Had the Harvard Salient contributed to public debate when it reprinted four of the 12 controversial cartoons originally published in the Danish newspaper Jyllands-Posten, its efforts would have been truly commendable. As the Salient chose instead to sidetrack meaningful discussion with the cartoons’ repetitive and incendiary republication on its back page, however, such commendation is hardly warranted. While no authority should limit the ability of the Salient (or any publication) to publish provocative material, the paper’s decision to republish the Danish cartoons was in poor taste and had improper motivations and should therefore not be congratulated.
The four cartoons the Salient elected to reprint are unnecessarily incendiary and offend the deepest sensibilities of many Muslims who believe any illustration of Muhammad to be inappropriate, much less one that so directly equates the teaching of Islam’s greatest prophet with terrorism. Saddled not only with this disturbing implication but also with the weight of violent protest, these cartoons do less to encourage substantive debate on the conflict between free speech and sensitivity than it does to inspire knee-jerk reactions and finger pointing on all sides. And considering that the purpose of the Salient’s back page is almost always to incite controversy, the latter outcome was clearly among the intended purposes of the cartoons’ republication.

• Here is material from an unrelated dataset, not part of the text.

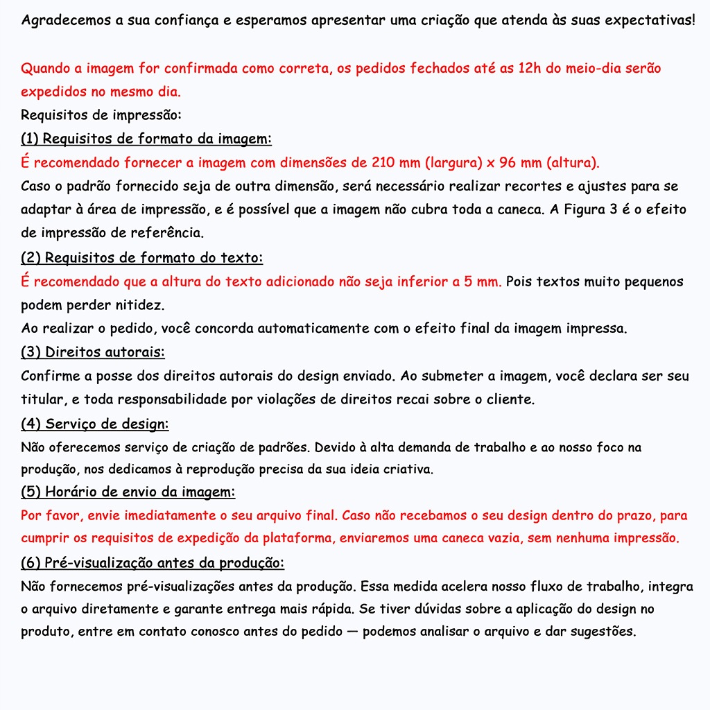 Todos os desenhos do produto são impressos em alta definição sob medida, e não são adesivos comuns nem gravações a laser. A imagem fica integrada ao produto, com superfície lisa, resistente, não sai com facilidade, melhor textura e maior durabilidade. Agradecemos a sua confiança e esperamos apresentar uma criação que atenda às suas expectativas! Quando a imagem for confirmada como correta, os pedidos fechados até as 12h do meio-dia serão expedidos no mesmo dia. Requisitos de impressão: (1) Requisitos de formato da imagem: É recomendado fornecer a imagem com dimensões de 210 mm (largura) x 96 mm (altura). Caso o padrão fornecido seja de outra dimensão, será necessário realizar recortes e ajustes para se adaptar à área de impressão, e é possível que a imagem não cubra toda a caneca. A Figura 3 é o efeito de impressão de referência. (2) Requisitos de formato do texto: É recomendado que a altura do texto adicionado não seja inferior a 5 mm. Pois textos muito pequenos podem perder nitidez. Ao realizar o pedido, você concorda automaticamente com o efeito final da imagem impressa. (3) Direitos autorais: Confirme a posse dos direitos autorais do design enviado. Ao submeter a imagem, você declara ser seu titular, e toda responsabilidade por violações de direitos recai sobre o cliente. (4) Serviço de design: Não oferecemos serviço de criação de padrões. Devido à alta demanda de trabalho e ao nosso foco na produção, nos dedicamos à reprodução precisa da sua ideia criativa. (5) Horário de envio da imagem: Por favor, envie imediatamente o seu arquivo final. Caso não recebamos o seu design dentro do prazo, para cumprir os requisitos de expedição da plataforma, enviaremos uma caneca vazia, sem nenhuma impressão. (6) Pré-visualização antes da produção: Não fornecemos pré-visualizações antes da produção. Essa medida acelera nosso fluxo de trabalho, integra o arquivo diretamente e garante entrega mais rápida. Se tiver dúvidas sobre a aplicação do design no produto, entre em contato conosco antes do pedido — podemos analisar o arquivo e dar sugestões. Por se tratar de um produto personalizado, não aceitamos devoluções. Crie sua própria caneca personalizada com nome, foto, logo ou frase! Crie um presente único e inesquecível! Nossa caneca de porcelana personalizada 325ml é perfeita para casamento, aniversário, eventos corporativos e lembrancinhas em geral. Como Personalizar: 1.Faça seu pedido normalmente 2.Envie a sua ideia, imagem, nome, logo ou frase via chat imediatamente após o pagamento! 3.Tamanho da área sublimável 210mmx96mm (podendo haver variação para menos de acordo com a sua arte). AVISO: A altura dos caracteres não deve ser inferior a 5 mm. As imagens não podem infringir direitos autorais. Nós não criamos imagens, so vai produziremos conforme as imagens que você enviar. Caso não seja enviado nenhuma informação para personalização seu pedido será enviado sem arte , pois temos prazo de envio . Não enviamos arte para aprovação , se desejar combine antes em nosso chat essa possibilidade. Transforme suas ideias em um presente criativo, único e cheio de personalidade! Seja para uso próprio, presente ou brindes corporativos, nossas canecas personalizadas encantam em cada detalhe. Detalhes do Produto: Caneca de porcelana branca premium Capacidade de 300ml a 325ml Estampa frente e verso Tamanho da área sublimável 210mmx96mm (podendo haver variação para menos de acordo com a sua arte). Pode ir ao micro-ondas e lava-louças Impressão em sublimação de alta qualidade – não desbota e não descasca Personalizamos com foto, nome, frase ou logotipo, usando sublimação de alta qualidade, garantindo cores vivas e longa durabilidade. Personalização feita no mesmo dia (envio rápido!) Sugestões de uso: Presentes de aniversário Caneca corporativa com logo Caneca com frase engraçada ou inspiradora Caneca temática: personagens, datas especiais, nomes personalizados ,Brindes para eventos, casamentos, maternidade, chá revelação, aniversário Impressão resistente (não desbota) Pode ir ao micro-ondas e lava-louças Acabamento profissional caneca personalizada,caneca porcelana,caneca 325ml,lembrancinha,presente criativo,caneca com foto,caneca com nome,caneca empresa,caneca casamento,caneca aniversário,sublimação Cuidados: Pode lavar normalmente com o lado amarelo da esponja Suporta micro-ondas e lava louças Evite produtos abrasivos para maior durabilidade,

An editorial offered without the cartoons, in contrast, would have left readers with no alternative but to consider the paper’s own arguments rather than the images themselves, constituting a more substantial contribution to the “marketplace of ideas” so central to open speech and informed debate.
Many wish to congratulate the Salient, furthermore, for the support for free speech apparently inherent in its publication of these cartoons. The view that the publication of these four images, however, is an “affirmation” of free speech dangerously equates the protection of a valuable right with the publication of these particular, offensive cartoons. The Salient’s publication is not a statement of support for free speech—this could have been achieved by a simple statement of affirmation of the Danish paper’s right to publish them—but is instead an expression that the cartoons are themselves a valuable contribution to this discourse. Endorsing the Salient’s decision to publish these cartoons sanctions this view, affirming a false dichotomy: that one either supports free speech by reprinting them or stifles open discourse by choosing not to do so.
This principle is applied often in journalism; one can comment on child pornography (in fact, major papers often do) without publishing the relevant photographs. Indeed, publishing such images would never be interpreted as a substantial contribution to an important discussion, but rather a diversion that misses the substance of the conversation.
It is hypocritical, moreover, to commend the Salient for bringing these images more prominently into the marketplace of ideas and then to decline to call on all newspapers to publish them. If the cartoons themselves are an essential component of an important debate, then bringing them to all readers should be a central part of any news source’s commitment to inform.
Given the lack of original or valuable contribution made in the publication of these cartoons, and their clearly inflammatory purpose, the Salient should not have published the images and should instead have allowed the strength of its argumentation, not the sensationalism of the uproar it created, to provide the substance of its editorial remarks.